The Red Sox added Brentz, an outfielder, to their 40-man roster based largely on his power potential. The former supplemental first-round pick out of Middle Tennessee State has hit 71 home runs in four minor league seasons.

“I don’t want to be labeled as a power hitter. I want to be a good hitter with power,” Brentz said. “I need to work on being a more complete player. It’s a good tool to have but one thing isn’t going to get me to the big leagues.”

Brentz is working on pitch selection and working deeper into the count. It’s an organization-wide goal for the Red Sox.

“It’s not taking pitches necessarily. It’s making sure you swing at a good pitch,” he said. “You want to be a tough out no matter what happens. It’s being selectively aggressive.”

Now that he’s finally in camp, Brentz plans to gather as much knowledge as he can from the veteran players and coaches.

“I’m not going to say much.

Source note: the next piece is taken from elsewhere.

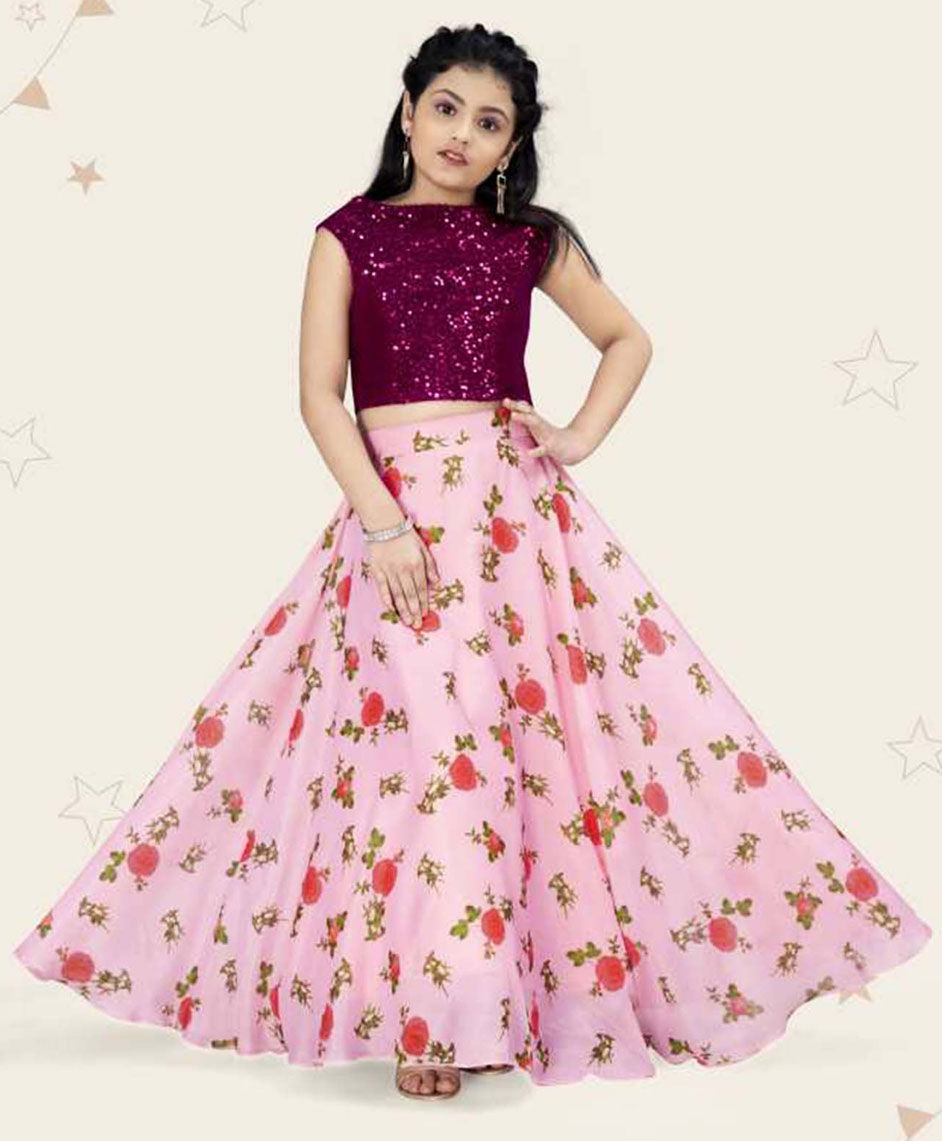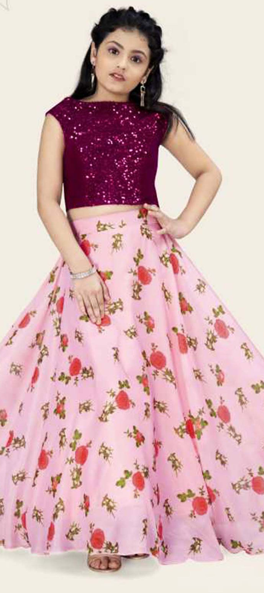 Pink and Majenta color Kids Lehenga in Blended fabric with Floral, Printed, Sequence work : 1764171

I feel like I’ve got a lot to make up for and I can only do that by my actions,” he said.

Friendly face

Red Sox legend Luis Tiant is one of the greatest players to come from Cuba. That could make him a bit of a mentor for 28-year-old righthander Dalier Hinojosa, a Cuban in camp on a minor league contract.

Hinojosa is from Isla de la Juventud, a few hours from where Tiant grew up.

“He’s a good kid,” said Tiant, who at 73 thinks everybody is a kid. “We had a little talk and we’ll talk some more. I told him I would go watch him throw.”

Hinojosa will work initially as a starter but could contribute most as a reliever in the majors. He defected a year ago after pitching in the Cuban National League for Guantanamo.

It pays to win

The Red Sox drew a crowd of 1,400 to their first workout. The crowd last season on the same day was 370. The Sox also had a larger crowd of media. ESPN broadcast from Fenway South and several other national media representatives were on hand.

Twist of fate

A.J. Pierzynski twisted his left ankle and skipped some conditioning drills after the workout. Manager John Farrell said the team’s plans are for Pierzynski to start 100-110 games with David Ross picking up the rest. “It’s an estimate. That’s the breakdown we saw,” the manager said. “That’s a general estimate.” . . . Jake Peavy was scheduled to see a specialist for his bruised right hand before he is cleared to throw. Peavy, who was injured over the weekend, feels improved. “We just want to make sure everything checks out fine,” Farrell said . . . Veteran reliever Francisco Cordero, who was signed to a minor league contract Sunday, can earn $1 million if he makes the major league team. Cordero could be on the field as soon as Tuesday once he passes his physical . . . Farrell mentioned that Grady Sizemore also would play left field along with center during spring training. There are signs that the Sox may ultimately see Sizemore as more of a reserve outfielder if he makes the team, at least initially . . . Lefthander Rich Hill, who is attending to a family issue, has yet to arrive in camp. The same is true of lefthander Jose Mijares, who is having visa problems leaving Venezuela . . . Jackie Bradley Jr. signed about 100 autographs outside of Field 1 after his workout.